Нет ответа. Выхода не видать. Вот тебе жизнь, вот тебе и поле. Встретился перекресток, а указателя нет. Налево, направо пойдешь, где что потеряешь, где что найдешь… И спросить не у кого… Трудно быть одному. Самому с собой разговаривать, все равно что в ущелье кричать. Только эхо в ответ. Что спросится, то и ответится. Мне же на море надо, на корабли. Я помню, когда это со мной началось. Мечта о море завладела мной еще на фронте, когда жив был дядя Сокол. Я увидел свою мечту на берегу небольшой речушки за Ржевом. Лето было, солнце, теплынь. Нашу отдельную роту отвели на отдых. Ни выстрелов, ни тревожных ожиданий. Птицы заливались — в землянке слышно. Устроили баню. Хлестали друг друга вениками. После бани ребятам водки сверх нормы дали, шикарным обедом накормили. Накануне многие отличились. Поговаривали о наградах. Командир дивизии приезжал, благодарил.
А дело было так.
Готовился прорыв. Но мы тогда не знали, что готовился прорыв. Мы лишь догадывались по тому, как на наш участок прибывали все новые и новые подразделения, по наездкам к нам на передовую самого высокого начальства даже из армии, по приподнятому настроению этого начальства, по многим едва приметным признакам. Вот тогда-то меня и вызвал командир нашей роты старший лейтенант Богров.
Накануне прорыва старший лейтенант наладил связь с партизанами. В день наступления решили устроить панику в тылу у фрицев. В Глуховские леса послали связиста, но он не дошел. Второго связиста с рацией выбросили с парашютом. От него тоже известий не было. Как позже выяснилось, прыгнул он на ложные костры, погиб во время перестрелки. Узнали об этом после операции. А тогда мне сказали, чтобы я обязательно добрался до партизан, передал условный сигнал: при появлении самолетов обозначить готовность, принять группу не только кострами, но и тремя зелеными ракетами с интервалами в пять секунд. Я это все сделал, добрался без приключений. Группа выполнила задание. Возвращались мы уже вместе. Нам было хорошо тогда. Вылазка обошлась без потерь, оттого и настроение было приподнятым. Всем весело, все живы. Много ли выпадало таких дней. С той минуты, когда трое разведчиков дядя Паша Сокол, Слава Топорков, Коля Федосеев подобрали меня в немецком тылу, прошла зима, наступило лето.

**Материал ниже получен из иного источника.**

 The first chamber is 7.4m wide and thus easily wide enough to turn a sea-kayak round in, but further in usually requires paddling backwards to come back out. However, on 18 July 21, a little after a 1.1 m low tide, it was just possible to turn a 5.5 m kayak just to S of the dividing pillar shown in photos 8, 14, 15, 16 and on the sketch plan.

На фронте это очень много. Были ночи, когда каждый из них мог умереть не однажды, были дни не менее беспощадные, чем ночи. Меня берегли. Если отправляли за линию фронта, то с такими предосторожностями, что и не придумаешь. Инструктировал командир роты сам. Все проверял. Чтобы белье было грязным — сирота все-таки, одежда рваной. Карманы, бывало, вывернет, чтобы, не дай бог, не оказалось чего. Линию фронта переходил с разведчиками. И встречали они меня на немецкой стороне. А уж если бой, комроты обязательно находил для меня дело в штабе дивизии и вручал письмо. Срочно, мол, аллюр три креста. Это в старой армии, если отправляли посыльного с особо важным документом, на пакете ставили три креста. С такой отметкой посыльный мог загнать коня насмерть, но доставить донесение как можно скорее.

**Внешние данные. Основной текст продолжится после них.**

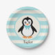 Cute Penguin with Turquoise Bowtie Paper Plate
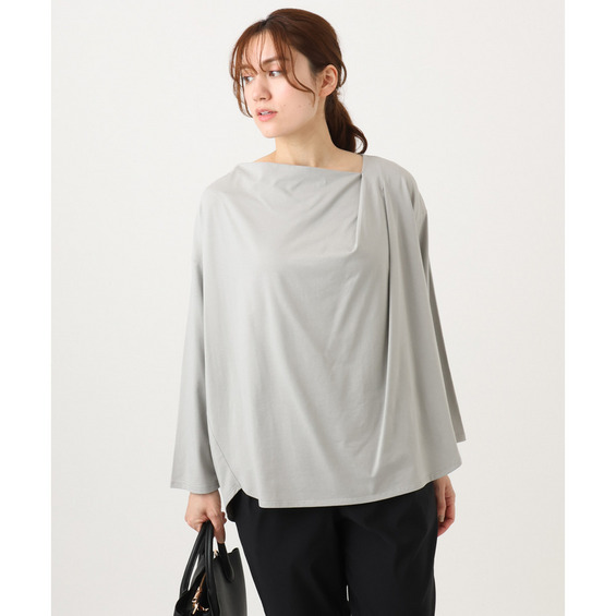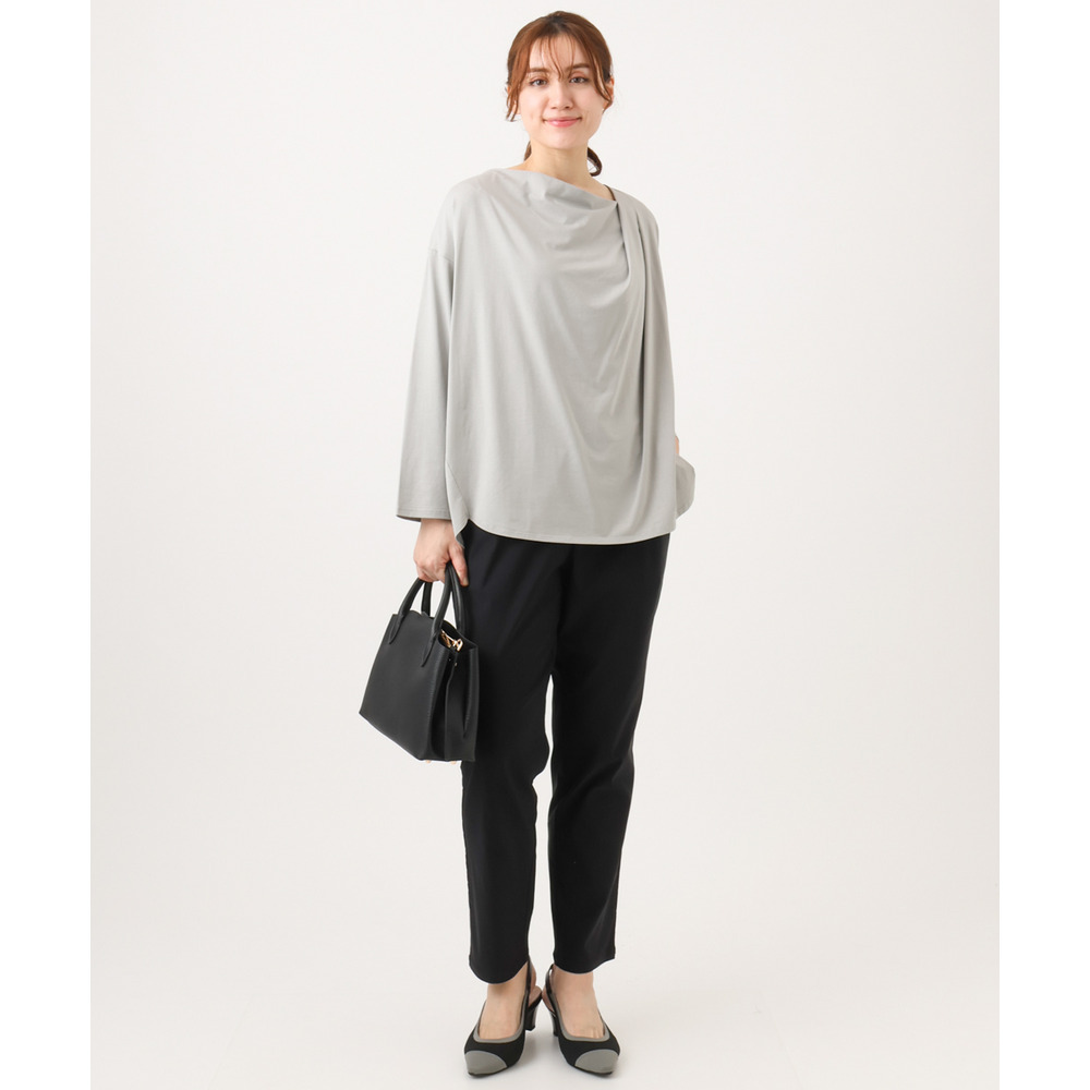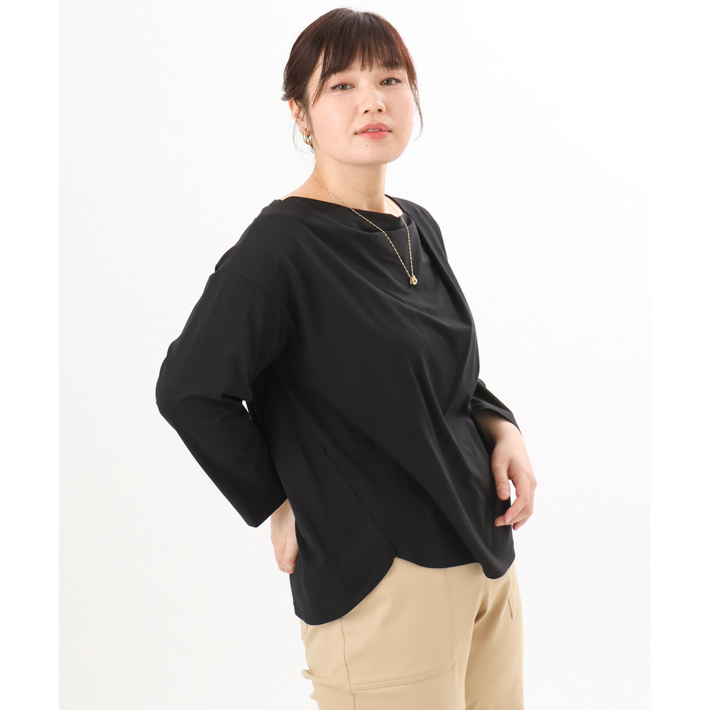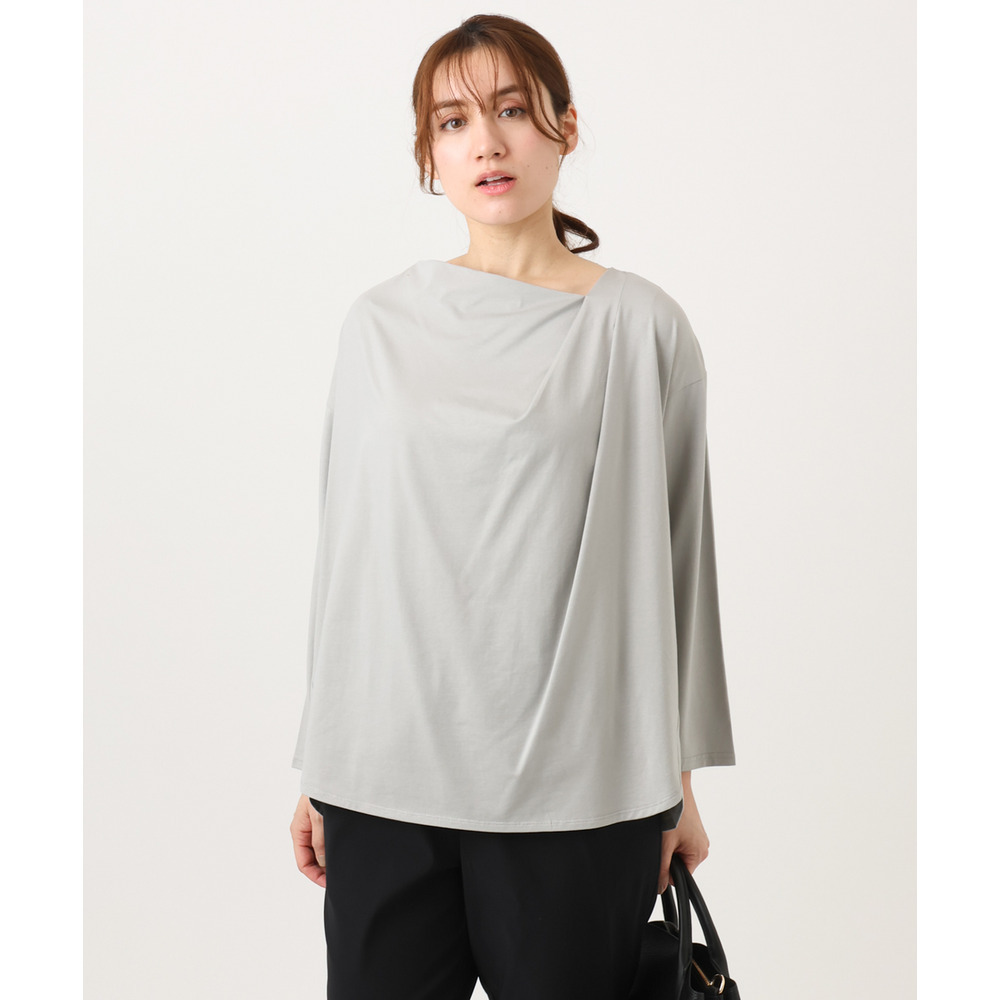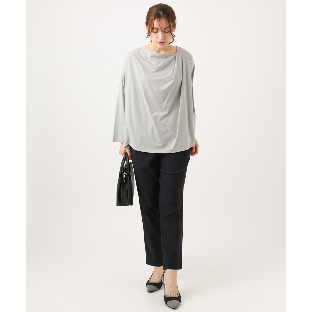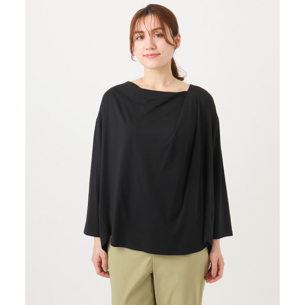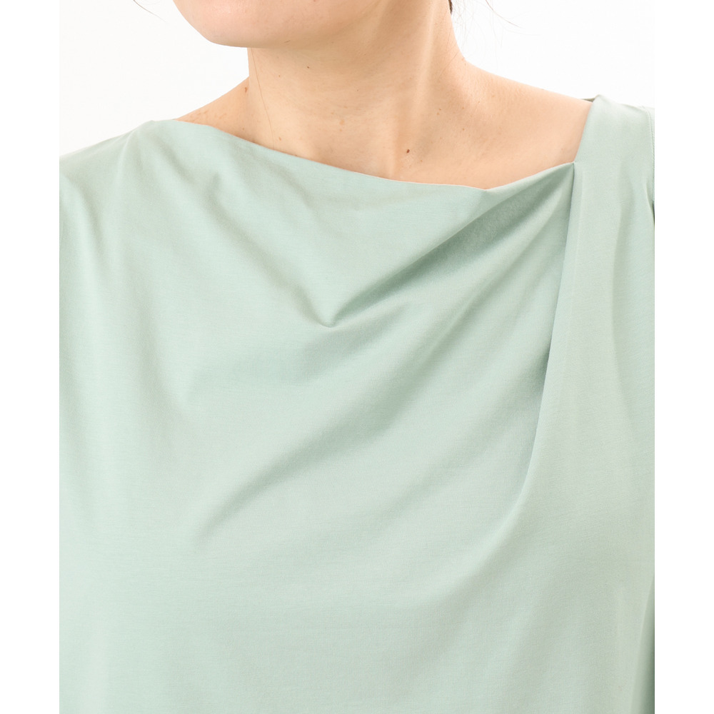 首元に自然な落ち感を生むドレープデザインで、顔周りを華やかに見せつつ上品で女性らしい印象に。

Слово юнга я узнал там же, на фронте. Юнгой меня назвал дядя Паша Сокол после моего первого возвращения с той стороны. Их было в роте с флота всего трое, но имя юнги за мной закрепилось, даже старший лейтенант Богров звал меня только юнгой. И слово «полундра» я узнал от дяди Паши. С этим словом моряки шли в атаку. И еще узнал много морских слов, команд. Дядя Паша до войны плавал боцманом на танкере, любил море. О море дядя Паша рассказывал мне всякий раз, когда выдавались минуты отдыха. В том лесу, на берегу небольшой речушки за Ржевом, дядя Паша говорил: «В море впервой пойдешь, шторм будет». — «Почему шторм?» — спрашивал я. «Потому что моряк из тебя должен выйти толковый». — «При чем здесь шторм?» — «Примета такая есть, — объяснял дядя Паша. — Если толковый человек первый раз в море выходит — море его штормом встречает. А ты людей не сторонишься, море таких любит».
Дядя Паша рассказывал о приметах, о морских поверьях, вспоминал легенды. Одна из них, о проклятом корабле, запомнилась особо.
Было это в какой-то далекой стране, в какое-то далекое время. На берегу моря стояла в той стране крепость. Много раз враги пытались взять крепость, но не могли. С суши скалы неприступные, с моря — рифы. Был там, правда, в рифах проход, но о нем знали немногие.
Жил в той крепости неудачливый капитан. Смолоду по кабакам ходил, в годы вошел — ни с чем остался. Корабля ему никто не доверял, в море дорога была ему закрыта. Так и жил он, наливаясь злобой, сатанея от зависти к другим людям. Он и указал врагам проход в рифах. Враги вошли в гавань, расстреляли и захватили крепость. Город сожгли, мужчин поубивали, женщин и детей в рабство угнали. И остались в городе старики да старухи.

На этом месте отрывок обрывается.